Forced labour in the construction sector was reported to occur in Australia, New Zealand and Fiji. Foreign aid and foreign direct investment in the Pacific Islands has increased rapidly in recent years. Respondents indicated visible increases in foreign migrant workers in the Fijian construction sector, often with low visibility of working conditions, coupled with highly controlled worker movement to and from construction sites. Reports found that passport confiscation occurs in the construction sector Fiji, often an indication of forced labour.
The Logging sector in Fiji, Solomon Islands and PNG has been implicated in modern slavery. In the Solomon Islands, the practice of male relatives from the immediate or extended family facilitating transactional sexual relationships between girls as young as nine years old and migrants working in the logging camps is colloquially known as “solair”.
Limited government resources in Pacific Island countries often translates to weak institutions that are unable to enforce compliance or are vulnerable to corruption. This hampers efforts to address modern slavery and police it. In Fiji, 132 nationalities can enter without a visa, which may partly explain why it is a major transit point in the region for trafficking.
A lack of awareness and understanding of modern slavery and human trafficking among law enforcement and other first responders, such as police and hospital staff, allows victims to go unidentified and unsupported.
Our research found that police in Fiji, Papua New Guinea and Tonga had failed to identify victims of modern slavery and further training and support is recommended.
A permissive environment for violence against women and children creates an environment where modern slavery is able to occur. One report suggests that in Fiji, one woman a day becomes permanently disabled as a result of violence.
The hospitality and tourism sector is considered at-risk for the commercial sexual exploitation of children in the Pacific. Reports note that child sex offenders may travel from Australia and New Zealand to the Pacific Islands. In Fiji, in the country’s main tourism hotspots, young girls are sexually exploited in hotels, with taxi drivers acting as pimps or middlemen, connecting girls with prospective clients.

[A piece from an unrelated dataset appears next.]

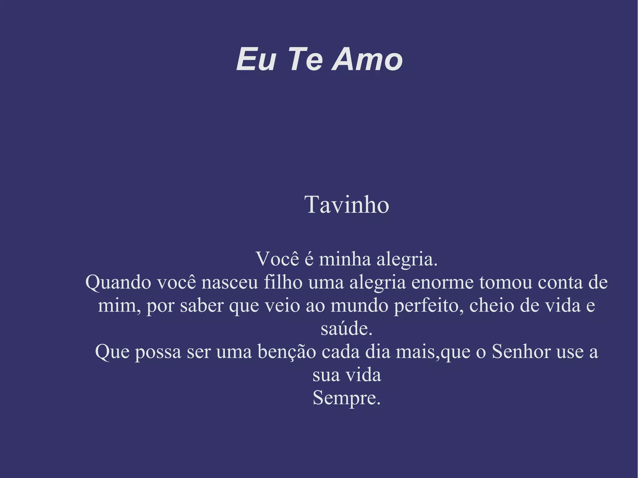 Uma carta de amor de um pai para o filho expressando a alegria que sente por seu nascimento e saúde, e desejando que a vida do filho seja uma benção cada dia mais com o Senhor usando sua vida.

Climate change will continue to cause sea level rise and more frequent and intense cyclones, earthquakes, volcanic activity, droughts, and floods, contributing to food and water insecurity, crop loss, a reduction in arable land, leading to overcrowding, poor health and sanitation, and increased competition for limited jobs. This exacerbates existing vulnerability to modern slavery in Pacific Island countries by pushing people into poverty and forcing them to migrate.

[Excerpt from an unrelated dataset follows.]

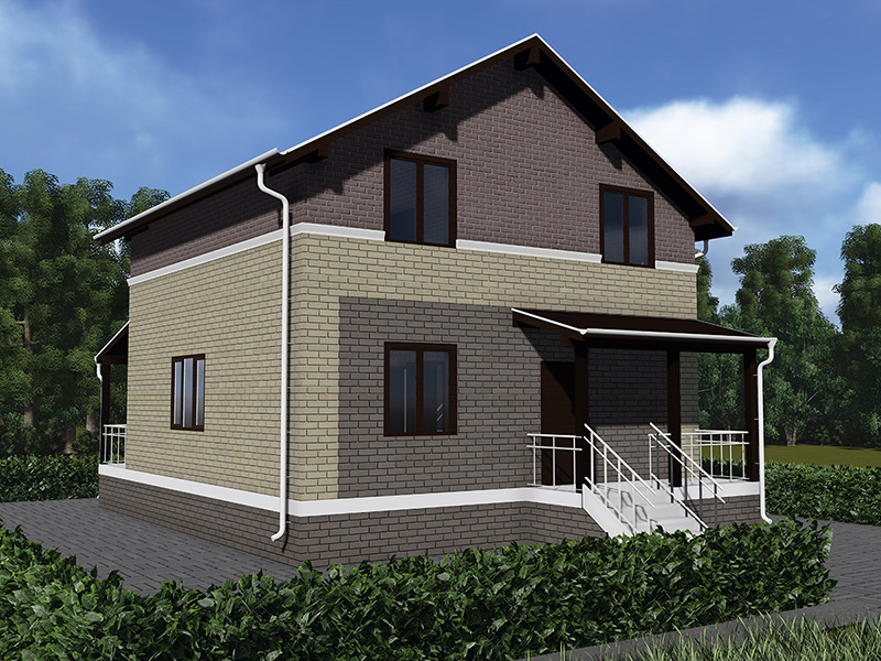 Дом для семьи из 3-4 человек. Отличается наличием гаража и простотой и лаконичностью форм.

Fishing is a high-risk sector for forced labour. There are indications that fishers from Asia and Pacific Island countries have experienced forced labour on fishing vessels operating in the Pacific. The fishing sector has also been implicated in the commercial sexual exploitation of children. In the Tongan fishing sector, reports indicate that in some cases, mothers desperate to earn money for the family have facilitated commercial sexual exploitation of children.
According to the research, the risk of exploitation of vulnerable people in the Pacific region needs to be tackled with a strong coordinated response.
The report calls for coordinated action from governments, civil society, business leaders, development partners, faith leaders, and community leaders and chiefs. It also makes a number of recommendations including culturally specific awareness raising campaigns to improve understanding and help identification of victims, training for police and prosecutors and the development of support services.
Walk Free is a part of the Minderoo Foundation and produces the Global Slavery Index, the world’s most comprehensive study on the prevalence of slavery.